• [Exercise instructions]: Every line of the data below is to be given again as it appears, with the images removed.

*** Available data ***

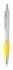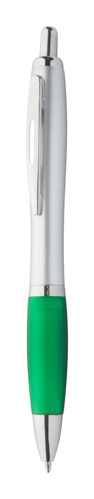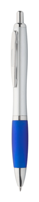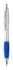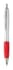 Plastic zilveren balpen met gekleurde rubberen handvat. Zwart schrijvend.
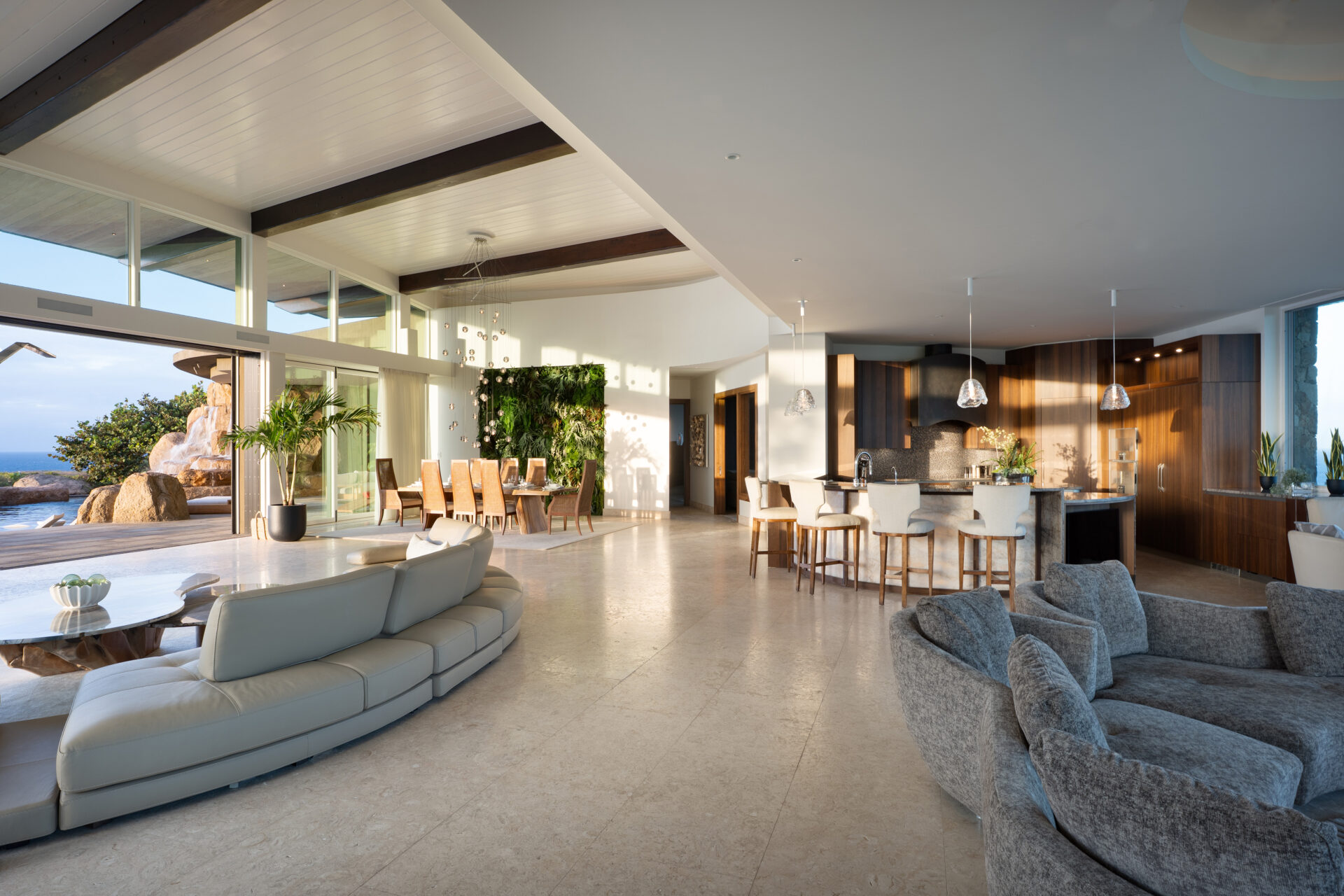 Halo’s organic design was built in harmony with the land following Oil Nut Bay’s vision to make the land as much of a feature as the home. Halo is set on a lush expanse of green topography and rising rocky terrain—both brimming with native flora and fauna—which unfolds in undulating patterns against the backdrop of a turquoise Caribbean Sea. The seamless integration of native stone, steel, glass, green roof, and infinity pool with a custom native stone boulder waterfall showcases cutting-edge design, quality craftsmanship and exceptional attention to detail.
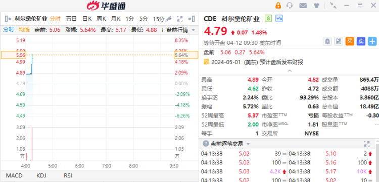 黄金股盘前走强,截至发稿,科尔黛伦矿业涨近6%,金田涨近4%,哈莫尼黄金涨超3%,巴里克黄金涨近2%。ETF方面,2倍做多金矿指数 $NUGT 涨近3%。消息面上,现货黄金站上2400美元/盎司,续创历史新高。

***

• [Answer to the problem]:
 Plastic zilveren balpen met gekleurde rubberen handvat. Zwart schrijvend.
 Halo’s organic design was built in harmony with the land following Oil Nut Bay’s vision to make the land as much of a feature as the home. Halo is set on a lush expanse of green topography and rising rocky terrain—both brimming with native flora and fauna—which unfolds in undulating patterns against the backdrop of a turquoise Caribbean Sea. The seamless integration of native stone, steel, glass, green roof, and infinity pool with a custom native stone boulder waterfall showcases cutting-edge design, quality craftsmanship and exceptional attention to detail.
 黄金股盘前走强,截至发稿,科尔黛伦矿业涨近6%,金田涨近4%,哈莫尼黄金涨超3%,巴里克黄金涨近2%。ETF方面,2倍做多金矿指数 $NUGT 涨近3%。消息面上,现货黄金站上2400美元/盎司,续创历史新高。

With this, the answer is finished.